One hundred and thirty bird species were brought to New Zealand. A few were kept as caged or domestic birds, but most were deliberately set free to live in the wild.

Forty-one species successfully established wild populations. They included 16 passerines (perching or song birds), three pigeons and an owl – nearly all from Europe. From Australia there was the magpie, the kookaburra and three species of parrot. There are also 16 introduced waterfowl and game birds.

Successes and failures

Some species were introduced several times before becoming established, while others were ultimately unsuccessful.

For successful establishment, the habitat and climate had to be suitable, and the birds adaptable. Most successes were in land cleared for farming, which was similar to the British countryside from which many species came.

Some, such as the house sparrow, bred prolifically and quickly reached high numbers. Others, such as the cirl bunting, remain rare.

The many species that were introduced but failed to become established include the English robin, the nightingale, the emu and the Solomons cassowary.

Why introduce birds to a new land?

Sentimental reasons

To settlers from Great Britain, familiar birds were a sentimental reminder of ‘home’. They missed the well-known tunes of British songbirds, especially since land cleared for farming was unsuitable habitat for most native species.

Stopped in their tracks

In the 1860s armyworm caterpillars reached such great numbers that trains sometimes came to a standstill, wheels spinning, because the tracks were made greasy by their crushed bodies. In one account from Rangitīkei, a train was brought to a halt by caterpillars rushing across the rails to reach a nearby field of oats. While the crew cleaned and sanded the rails, the stationary engine and carriages became covered, inside and out, with thousands of caterpillars.

Utilitarian reasons

By the early 1850s crop-damaging moths, caterpillars, beetles and grasshoppers had built up in huge numbers, due to the expansion of agriculture and horticulture. One Hawke’s Bay farmer resorted to driving his sheep across infested pasture to trample the coloured carpet of caterpillars.
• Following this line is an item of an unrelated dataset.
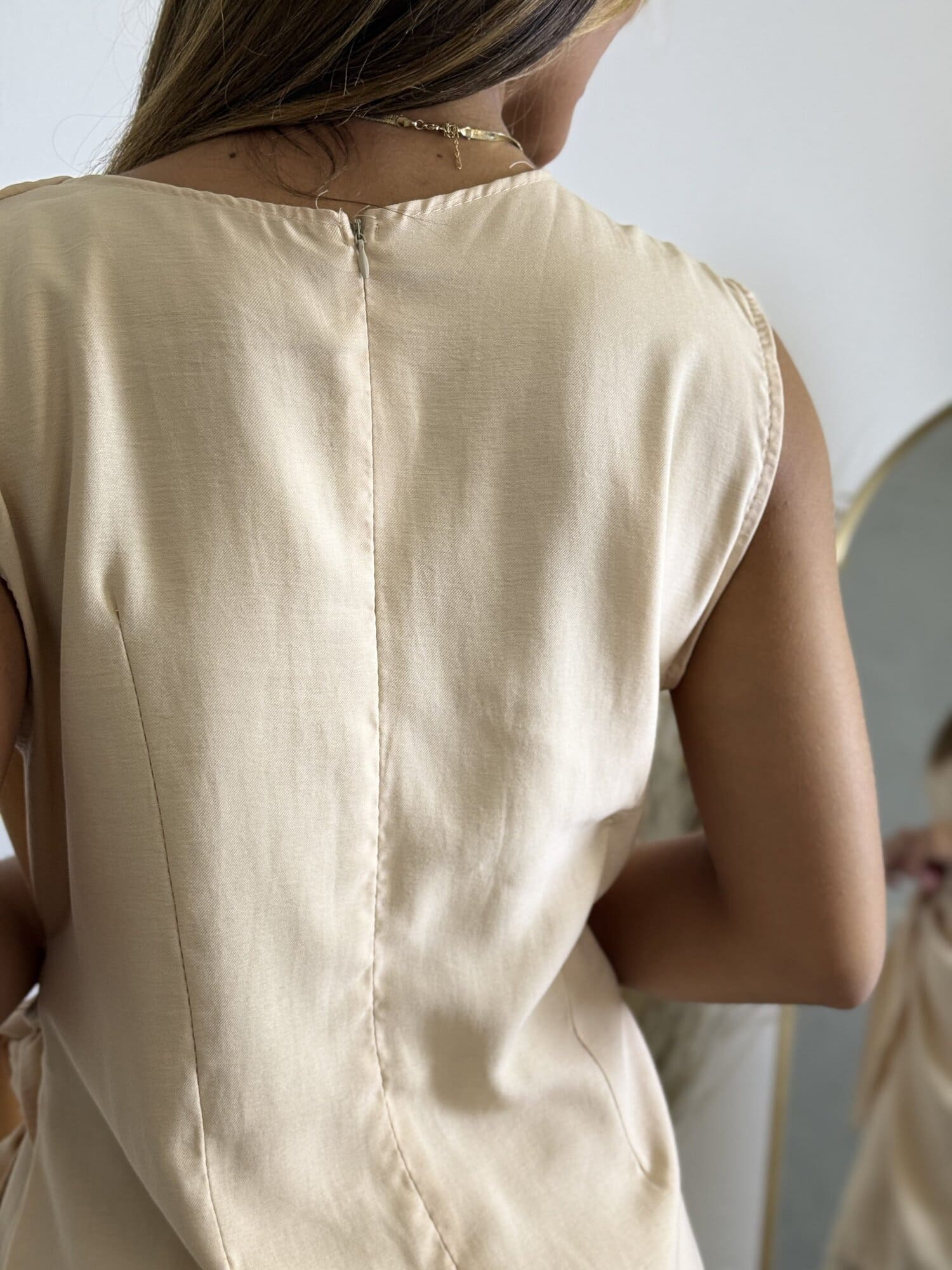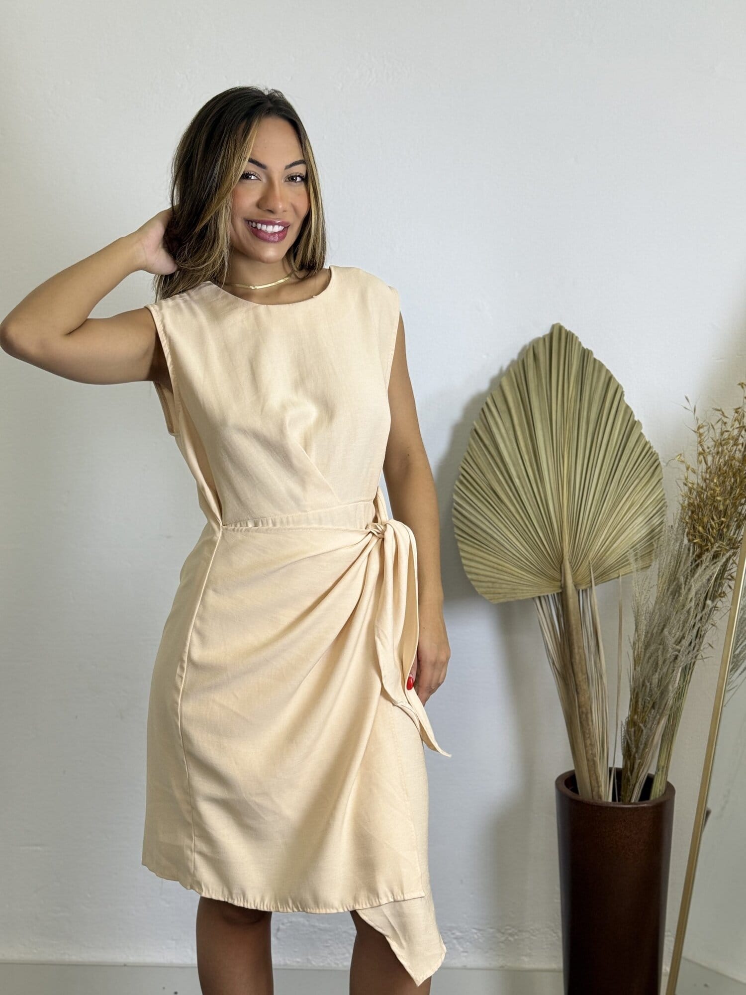 Vestido com modelagem elegante e contemporânea, confeccionado em tecido leve de toque suave. Possui decote redondo, ombros levemente estruturados e amarração lateral que valoriza a silhueta, criando um caimento fluido e feminino. A barra assimétrica confere um toque moderno e sofisticado à peça, perfeita para compor looks casuais ou mais refinados

While some native birds ate insects, they would only forage in farmland if there was bush nearby. As the bush edge was pushed back for agriculture, they had less effect as pest-controllers.

In the hope they would eat agricultural pests, farmers introduced insect-eating birds such as blackbirds, thrushes, starlings, sparrows and magpies.

Acclimatisation movement

The first introductions were haphazard, private efforts. From the 1860s regional acclimatisation societies began a more coordinated approach.

Promoting acclimatisation

Charles Hursthouse was an early advocate of acclimatisation. In 1857 he wrote that rooks, magpies, starlings, sparrows, thrushes and other small birds should be introduced, as well as game birds for hunting. He also proposed the introduction of rabbits, hares and deer – all of which later became serious pests.

Acquiring birds

Advertisements were placed in English newspapers, offering payment for live birds of the desired species. The species were selected partly on how easily and cheaply ships’ captains could acquire the birds, and their likelihood of surviving the voyage.

Bringing birds to New Zealand on sailing ships was challenging. Voyages from England could take four months, through a range of climates and frequent rough seas. Most birds died en route.

Selecting species

Some acclimatisation societies had criteria for selecting suitable species. For example, as well as eating summer insects, they had to be able to live on other foods – such as fruit, seed or grain – to survive in winter. They had to be non-migratory, so they would stay. And they had to be prolific breeders to have a significant impact on the insect problem.

Crop losses

Hidden in the criteria was a recipe for calamity. Farmers soon discovered that the plagues of insects were replaced by platoons of birds stripping their grain crops and damaging fruit.

Grumbles within the ranks

From the 1860s acclimatisation societies were at the forefront of introducing birds ranging from small birds, such as sparrows, to large game birds, such as pheasants. But it wasn’t long before some of their own members were complaining that small introduced birds had multiplied so rapidly they were competing with the introduced game birds for food.

Plague of small birds

Within 15 years of their introduction, there was a coordinated effort to control small European birds by laying out poisoned grain, paying a bounty on eggs and heads, and shooting them. The little owl was introduced in the early 20th century to prey on small introduced birds.

How to cite this page:

Christina Troup, 'Introduced land birds - Introducing birds', Te Ara - the Encyclopedia of New Zealand, http://www.TeAra.govt.nz/en/introduced-land-birds/page-1 (accessed 27 April 2024)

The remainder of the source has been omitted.